My eyes were clouded with the familiar blinding red and blue lights.

The siren of his car was still blaring, my ears very much used to the obnoxious noise.

It used to get my heart racing. Used to make me break out into a grin when I heard them in the distance.

“I didn’t do shit,” I said. “Get off me. Get the fuck off.”

“I’ve been waiting a long time to see your ass get locked up. I’m so glad I finally get to see it happen,” he said.

I kept trying to throw my shoulders back, but those damn cuffs were getting the best of me. He tangled his hand in my hair, yanked me up, and pushed me harshly up against the closed door of his car. “Get your fucking hands off me,” I said. “I didn’t do anything.”

“Stop lying.”

“I’m not fucking lying. You’ve got the wrong guy. Why the fuck would I do that to her? Why would I hurt her?”

I could hear some deep whispers behind me and the cuffs had me straining to look over my shoulder.

My throat was dry, everything suddenly feeling on edge as I tried to focus on the noises I actually wanted to hear.

Her voice. That was what I wanted. Her sweet, soft, calming voice.

I needed her. I was trying to focus past the sirens, past the cars zooming up and down the road—a few of them driving nice and slow to get a good fucking look at the absolute mess I was in the middle of.

My eyes shut tightly, trying to find her voice. Her telling me it was all gonna be okay, that she believed me, that she knew I’d never do anything to make those pretty eyes of hers fill up with tears. Fuck, I needed to see her face.

But there was none of that. No comfort from my girl, no comfort from anyone. All I could feel was the cold and painful night air of Chicago against my bare arms.
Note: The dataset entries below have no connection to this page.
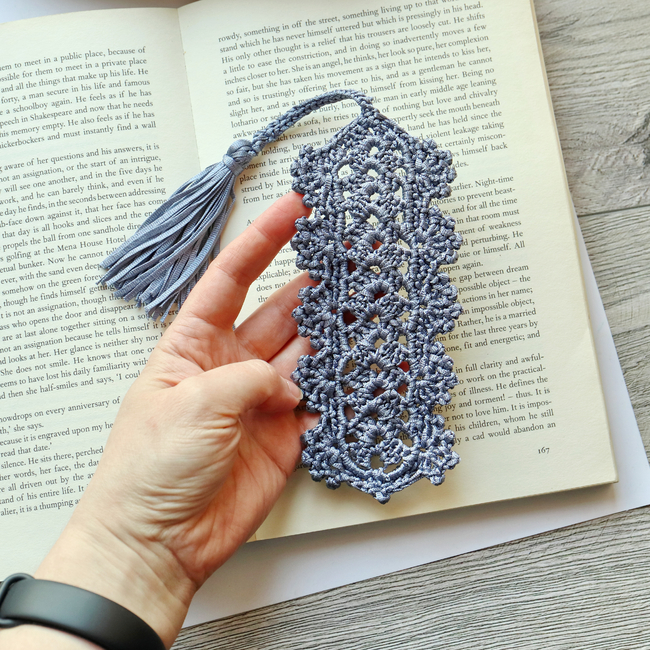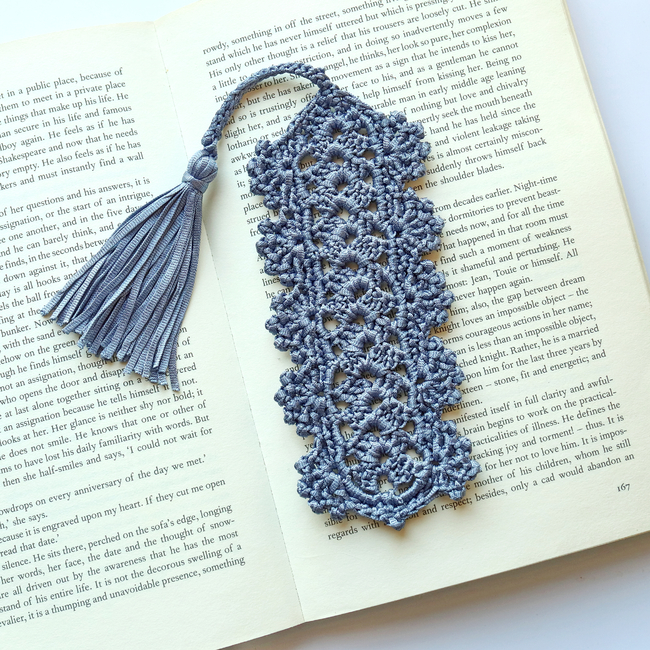 The open lace pattern creates a delicate, airy texture while the soft tassel adds a gentle movement that peeks out from the top of your book. Worked in structured denim blue cord, the bookmark keeps its shape while still feeling light and refined.
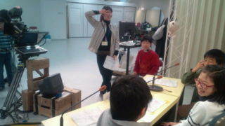 NHKにいます。放送体験として2組の番組制作が始まります。準備と練習をしています。11:30
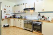 - Kitchen with hob, hot water cylinder, laminate wood floors, melamine finishes, oven and hob and pantry
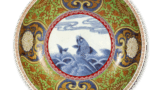 Like the plate with the bow-breaking design, this is a representative example of the variant type of dish. This dish is commonly called a princess dish because it depicts a woman dressed in juni-hitoe (twelve-layered kimono). The basic pattern is the same on both plates, but there are differences in the details and color scheme. The outer surface of each piece is covered with fine arabesque patterns, while the outer surface of the stand is decorated with a comb pattern and the inscription “Fugi Changchun” is written inside the stand. These pieces were probably made at about the same time.
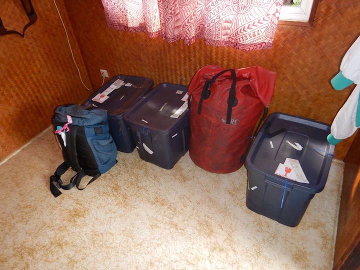 The 200-pounds of gear in our marked and secure travel boxes. My enormous red Bill Bag stands among them. Thankfully, this is the end of the line for this stuff and we'll slowly unpack to get gear to the boat. |
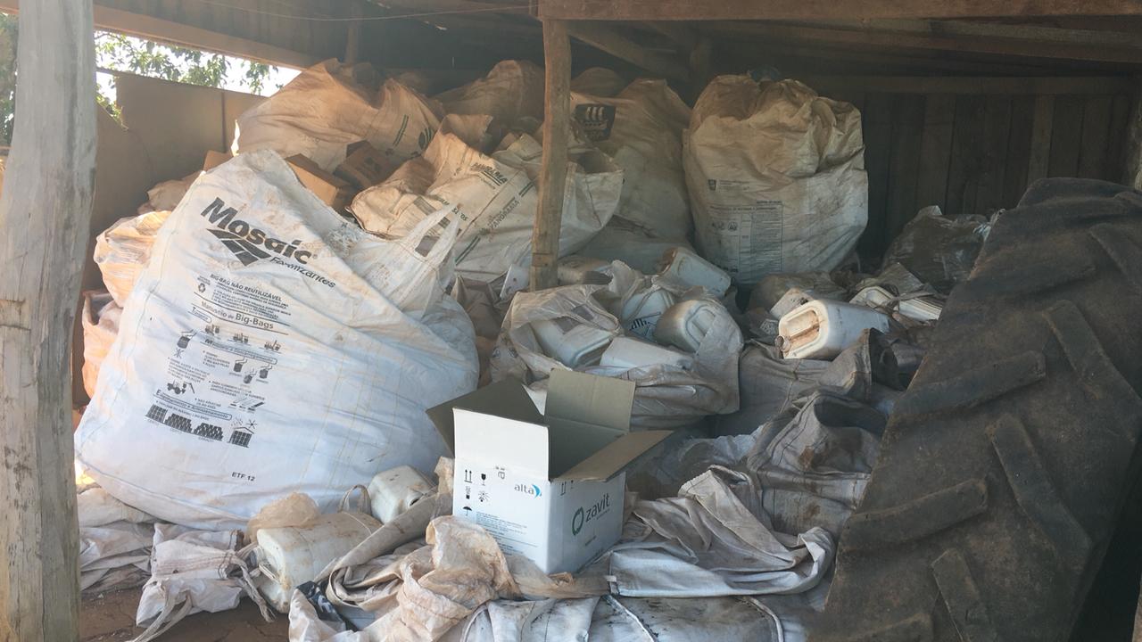 Campo Grande (MS) – A Polícia Militar Ambiental de Porto Murtinho autuou uma empresa produtora rural por disposição de forma inadequada de várias embalagens e agrotóxicos. A PMA localizou a infração, quando realizava fiscalização em uma fazenda no
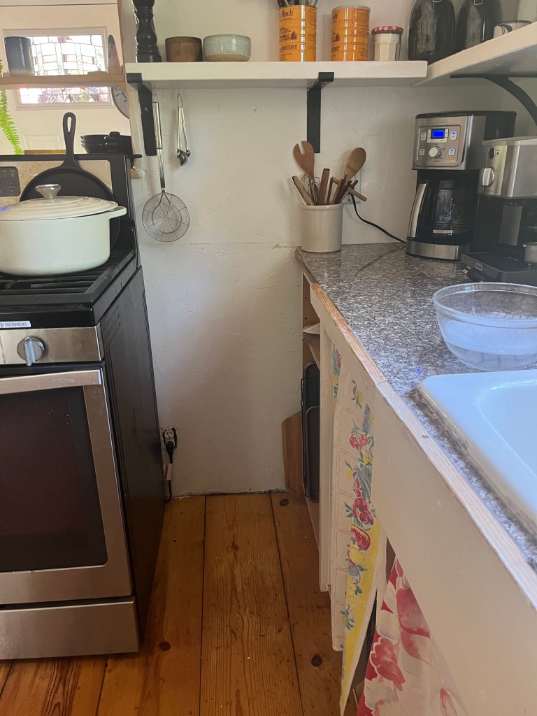 Yesterday, I went to the gym and the library. I was going to go to the pool, but I haven’t been to the gym in 2 weeks, so I felt I’d better tick that off the list. I didn’t have any holds at the library, so I picked up some random books off the ‘new shelf’. I came straight home after that. After I rested some, I went to work pulling out the cabinet by the stove that was beyond help. It only held our coffee things and my sheet pans.
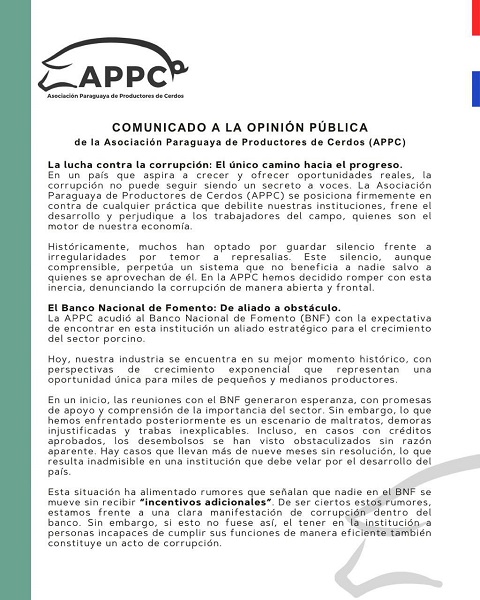 El presidente de la APPC, Enzo Manarinni, reveló que varios productores reportaron solicitudes irregulares de dinero por parte de funcionarios fiscalizadores del BNF durante las inspecciones a granjas. Estos pagos extraoficiales serían condición para obtener el visto bueno en la aprobación de créditos o la ejecución de desembolsos pendientes.

The cop was yanking at my hair again, his other hand pulling open the back door of his car.

With everything in me, I turned, looking over my shoulder, my eyes searching for my girl.

I just saw a pile of blank faces. Neighbors and others who had come to watch.

My mom’s horrified face as she pleaded with one of the many cops out the front.

And then I saw her. Her hazel eyes were big and wide and wet, looking exactly how I never, ever wanted them to look.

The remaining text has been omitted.